## Exercise:
Copy out the whole listing exactly as written, leaving the pictures behind.

## Provided data:
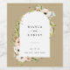 Botanisches Aquarellwald, Blume, Kiefernzapfen und Beerenbogenrahmen, personalisierte Hochzeitsflaschen-Etiketten. Die in taupe abgebildete Hintergrundfarbe kann individuell angepasst werden. Textzeilen für Vorlagennamen, Datum und Speicherort.
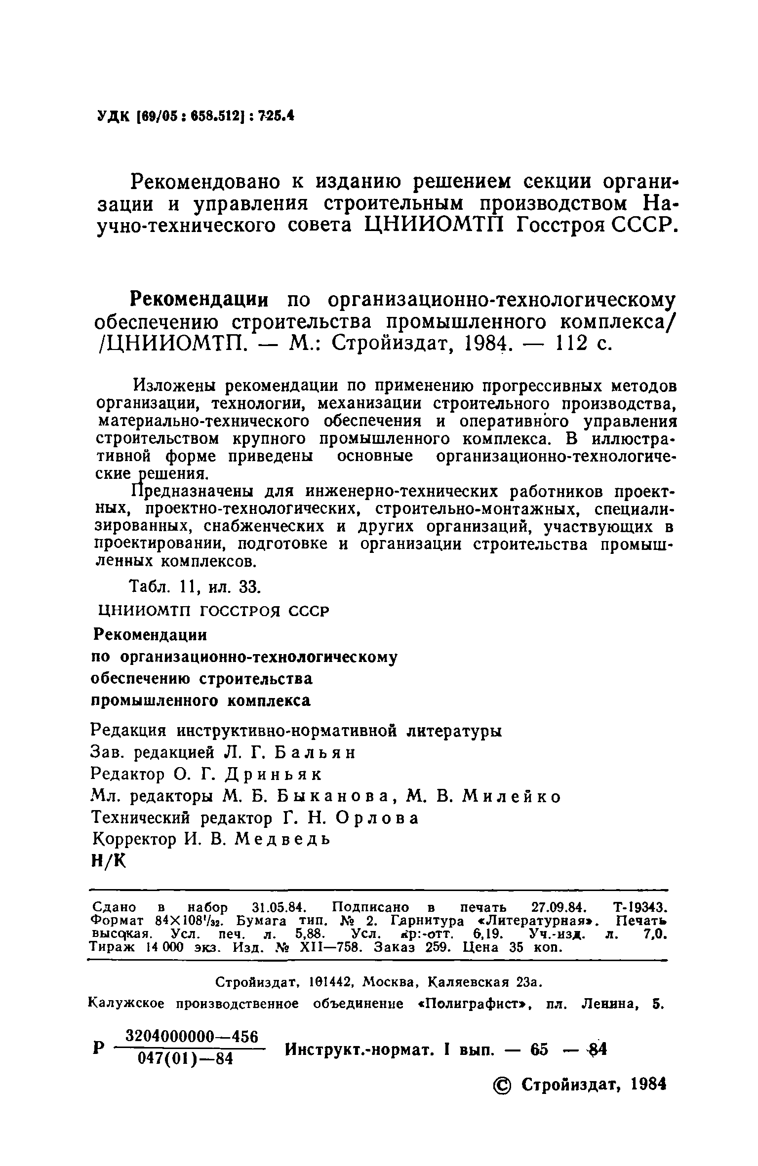 | Название рус.: | Рекомендации по организационно-технологическому обеспечению строительства промышленного комплекса |
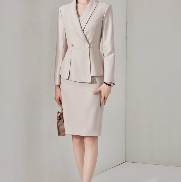 パールボタンがアクセントになっており、上品な印象を与えるフレアジャケットスカートスーツ。立体的なデザインが施されており、動きのある印象を与えます。 【サイズ】 ジャケット S /着丈 66cm /バスト 89cm /肩幅 37cm /ウエスト 72cm /袖丈 56cm M /着丈 67cm /バスト 93cm /肩幅 38cm /ウエスト 76cm /袖丈 57cm L /着丈 68cm /バスト 97cm /肩幅 39cm /ウエスト 80cm /袖丈 58cm XL /着丈 69cm /バスト 101cm /肩幅 40cm /ウエスト 84cm /袖丈 59cm 2XL /着丈 70cm /バスト 105cm /肩幅 41cm /ウエスト 88cm /袖丈 60cm 3XL /着丈 71cm /バスト 109cm /肩幅 42cm /ウエスト 92cm /袖丈 61cm スカート S /スカート丈 56cm /ウエスト 68cm /ヒップ 88cm M /スカート丈 57cm /ウエスト 72cm /ヒップ 92cm L /スカート丈 58cm /ウエスト 76cm /ヒップ 96cm XL /スカート丈 59cm /ウエスト 80cm /ヒップ 100cm 2XL /スカート丈 60cm /ウエスト 84cm /ヒップ 104cm 3XL /スカート丈 61cm /ウエスト 88cm /ヒップ 108cm ※1〜3cmの誤差が生じる場合がございます 【素材】 ポリエステル 【カラー】 オフホワイト 【お届けについて】 当ショップはお客様の商品を1点1点検品・梱包をした後、海外からの直接発送となります。 そのため発送までにご決済から3週間前後のお時間を頂いております。 お時間にゆとりを持ってご購入頂くことをおすすめいたします。 ◼️注意事項 ・タイミングによっては商品在庫切れにより注文キャンセルとさせていただく恐れもございますので、予めご了承くださいませ。 ・こちらは輸入品となります。日本製とは検品基準が異なる為、新品未使用品でもごくわずかな汚れやほつれがある場合もございます。 ・仕入れ工場を変えることがあるため、記載サイズと若干異なる場合がございます。 ・商品の色味は、お手持ちのスマートフォンの画面によって実物と若干異なる場合がございます。 ・イメージ違いやサイズ交換等、お客さまご都合による交換、返品は対応出来かねます。 ———————————— ご購入前にこちらをお読みください → https://www.alliede.shop/about ————————————

## Response to the exercise:
 Botanisches Aquarellwald, Blume, Kiefernzapfen und Beerenbogenrahmen, personalisierte Hochzeitsflaschen-Etiketten. Die in taupe abgebildete Hintergrundfarbe kann individuell angepasst werden. Textzeilen für Vorlagennamen, Datum und Speicherort.
 | Название рус.: | Рекомендации по организационно-технологическому обеспечению строительства промышленного комплекса |
 パールボタンがアクセントになっており、上品な印象を与えるフレアジャケットスカートスーツ。立体的なデザインが施されており、動きのある印象を与えます。 【サイズ】 ジャケット S /着丈 66cm /バスト 89cm /肩幅 37cm /ウエスト 72cm /袖丈 56cm M /着丈 67cm /バスト 93cm /肩幅 38cm /ウエスト 76cm /袖丈 57cm L /着丈 68cm /バスト 97cm /肩幅 39cm /ウエスト 80cm /袖丈 58cm XL /着丈 69cm /バスト 101cm /肩幅 40cm /ウエスト 84cm /袖丈 59cm 2XL /着丈 70cm /バスト 105cm /肩幅 41cm /ウエスト 88cm /袖丈 60cm 3XL /着丈 71cm /バスト 109cm /肩幅 42cm /ウエスト 92cm /袖丈 61cm スカート S /スカート丈 56cm /ウエスト 68cm /ヒップ 88cm M /スカート丈 57cm /ウエスト 72cm /ヒップ 92cm L /スカート丈 58cm /ウエスト 76cm /ヒップ 96cm XL /スカート丈 59cm /ウエスト 80cm /ヒップ 100cm 2XL /スカート丈 60cm /ウエスト 84cm /ヒップ 104cm 3XL /スカート丈 61cm /ウエスト 88cm /ヒップ 108cm ※1〜3cmの誤差が生じる場合がございます 【素材】 ポリエステル 【カラー】 オフホワイト 【お届けについて】 当ショップはお客様の商品を1点1点検品・梱包をした後、海外からの直接発送となります。 そのため発送までにご決済から3週間前後のお時間を頂いております。 お時間にゆとりを持ってご購入頂くことをおすすめいたします。 ◼️注意事項 ・タイミングによっては商品在庫切れにより注文キャンセルとさせていただく恐れもございますので、予めご了承くださいませ。 ・こちらは輸入品となります。日本製とは検品基準が異なる為、新品未使用品でもごくわずかな汚れやほつれがある場合もございます。 ・仕入れ工場を変えることがあるため、記載サイズと若干異なる場合がございます。 ・商品の色味は、お手持ちのスマートフォンの画面によって実物と若干異なる場合がございます。 ・イメージ違いやサイズ交換等、お客さまご都合による交換、返品は対応出来かねます。 ———————————— ご購入前にこちらをお読みください → https://www.alliede.shop/about ————————————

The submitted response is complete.